Saremmo, poi, andati a Bordighera perché lì avremmo avuto una compagnia di amici e la cosa mi avrebbe potuto distrarre.
Quell’estate, però, ero debole, magra, priva di forze e in ansia al solo pensiero del cibo.
Pesavo davvero poco, navigavo dentro pantaloni taglia 10/11 anni e quasi mi sentivo bene, anche se, al tempo stesso, ricordo bene quanto mi facessero soffrire quei molti sguardi di disapprovazione o quei commenti di ragazzi che nel passarmi davanti mi gridavano di mangiare di più.
Ero molto fragile.
Spesso la famiglia si fermava in spiaggia a mangiare. Io, invece, costretta a rimanere a casa dovevo a tutti i costi finire il piatto che la dottoressa mi aveva prescritto.

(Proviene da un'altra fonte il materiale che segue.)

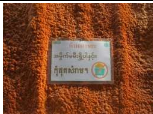
รูปที่ 50 ป้ายห้ามเผาขยะ

Mangiavo diversamente da loro, per me quei pasti dovevano essere la cura.
Ricordo che come una bambina mi lamentavo in continuazione. In quelle occasioni avrei voluto saltare i pasti, ma i miei genitori non me lo avrebbero permesso.
Facevo i capricci e per fare loro un dispetto mi rifiutavo persino di prendere i farmaci antidepressivi che il medico mi aveva prescritto come ulteriore aiuto contro l’ansia.
Se la mattina mi alzavo prima dei miei genitori e mi ritrovavo da sola ad affrontare il momento della colazione, ricordo che anche solo due mele e due albicocche, che in quel periodo per me sarebbero state niente, tanto ero in sottopeso, mi destabilizzavano. Immediatamente scoppiavo in un pianto disperato che non conosceva consolazione alcuna. La mia giornata era finita ed io ero ancora una volta “una fallita”.
Per fortuna la dottoressa, all’inizio dell’estate, si era resa disponibile per eventuali aggiornamenti, mi aveva dato il suo numero affinché potessi renderla partecipe di tutti gli alti e bassi. Così, nei momenti di crisi la contattavo e lei modificava il mio piano alimentare, tranquillizzandomi su tutto e incentivandomi a continuare a combattere.
La premura e la presenza di tutta la mia famiglia quell’estate furono per me essenziali; mi permisero, tra uno sforzo e l’altro, di superare quel momento particolarmente critico e iniziare così a mangiare il minimo che mi avrebbe consentito di non perdere ulteriore peso e lentamente morire. La dottoressa era stata chiara, se non avesse funzionato, mi avrebbero ricoverato.